High-order features of a single linear corneal laceration image are valuable biomarkers in an intelligent multimodal analytic strategy for corneal laceration reconstruction

In corneal lacerations, the absence of high-order image features as biomarkers to guide surgical strategy is a limiting factor. The absence of multimodal data restricts the development of automated reconstruction designs for corneal laceration. The present study is aimed at training and optimizing the model based on high-order features from corneal laceration images and real suture samples and completing the intelligent promotion of whole corneal laceration suture auxiliary decision-making with the two-step method of automatic wound identification and stitch position prediction. Based on the images of isolated corneal wound samples, a fully supervised U-Net learning method and consistent regular semisupervised learning method based on the mean-teacher model were used to identify the wounds. The DDice coefficient was used to evaluate the segmentation and recognition effect. Traditional image processing technology was used to predict the needle entry and exit points of wound sutures based on medical suture principles.

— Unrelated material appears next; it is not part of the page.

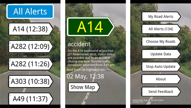 You can select the roads you will be driving along and see alerts for poor driving conditions, road closures or accidents ahead of you on your journey. Alerts appear as 'road signs' on the app's main page and you can select an alert to see more details and pinpoint it on Google Maps relative to your current location.

The prediction effect was evaluated by viewpoint similarity. After training the wound recognition model based on 2400 corneal images and corresponding incision labels, the DDice coefficients of supervised U-Net with or without postprocessing results were 0.902 and 0.817, respectively. The Dice coefficients of the semisupervisedmean-teacher model with or without postprocessing were 0.921 and 0.843, respectively. The key point similarity of wound stitch position prediction was 0.872 ± 0.021. This new automated method for corneal laceration identification and stitch position generation based on novel biomarkers and multimodal data is expected to assist doctors treating corneal lacerations to quickly formulate a primary suturing strategy.